I know this is what is referred to in Midnight in Paris as "Golden Age Thinking," but I can't fight the feeling when I see television programs and interviews in the 50s and 60s that the level of "popular" discourse was much higher then than it is now. That is, interviewees of all ages are much more well spoken, articulate, and informed. I can't imagine the panel of American Idol judges (much less the audience) being able to drill down so quickly to a historical event like that, or even care to take a serious crack at it. Am I off?
Did you notice the last word spoken by the host Garry Moore was "withal", meaning "nevertheless". Can you imagine a game show host using the word today?
Yes. Or rather, the temporally-updated equivalent. Withal sounds erudite because now it's dead, and a sign of sophistication to know the word at all. Much less so then, albeit perhaps not zero.
The problem with some modern game shows isn't vocabulary. It isn't even necessarily spectacle qua spectacle, because if they could have done it and afforded it in the 50s their shows would have been bigger, too. Humans haven't changed in the past 60 years.
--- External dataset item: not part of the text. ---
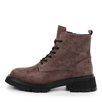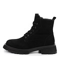 Лаконичные черные ботинки из мягкого велюра. Пара утеплена ворсином. Толстая рифленая подошва из материала ТЭП обеспечивает хорошую поддержку стоп и отличное сцепление с поверхностью. Модель с графичным язычком, высокой шнуровкой и удобной петлей на голенище, ускоряющей процесс фиксации обуви.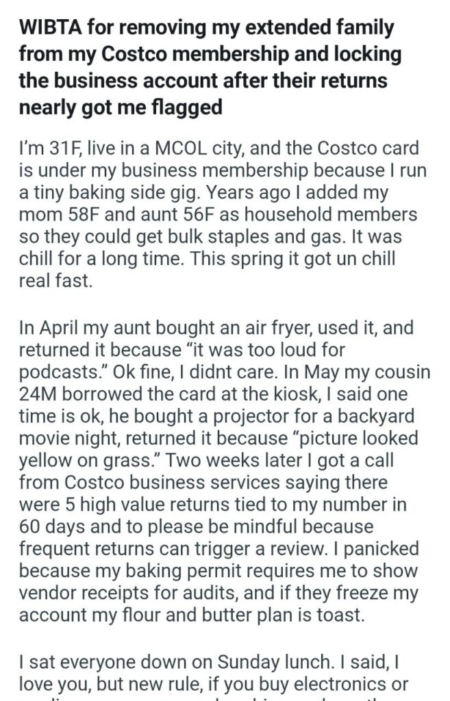 So is she the ahole? Absolutely not. N-T-A. You do not get to jeopardize someone’s business license because you are too lazy to measure a wall before buying a television. Her family is treating Costco like a library and her career like a joke. Lock that account down, change the membership number, and let them pay full price for their gas until they learn some respect.

The problem with modern game shows is something more like they have more resources than they know what to do with, competing against ten other shows with the same "problem". I'm not convinced there's a good argument for modern people being more relatively degenerate than people of old... the set of which, I would remind you, really does include actual, factual people who considered combat to the death fit entertainment.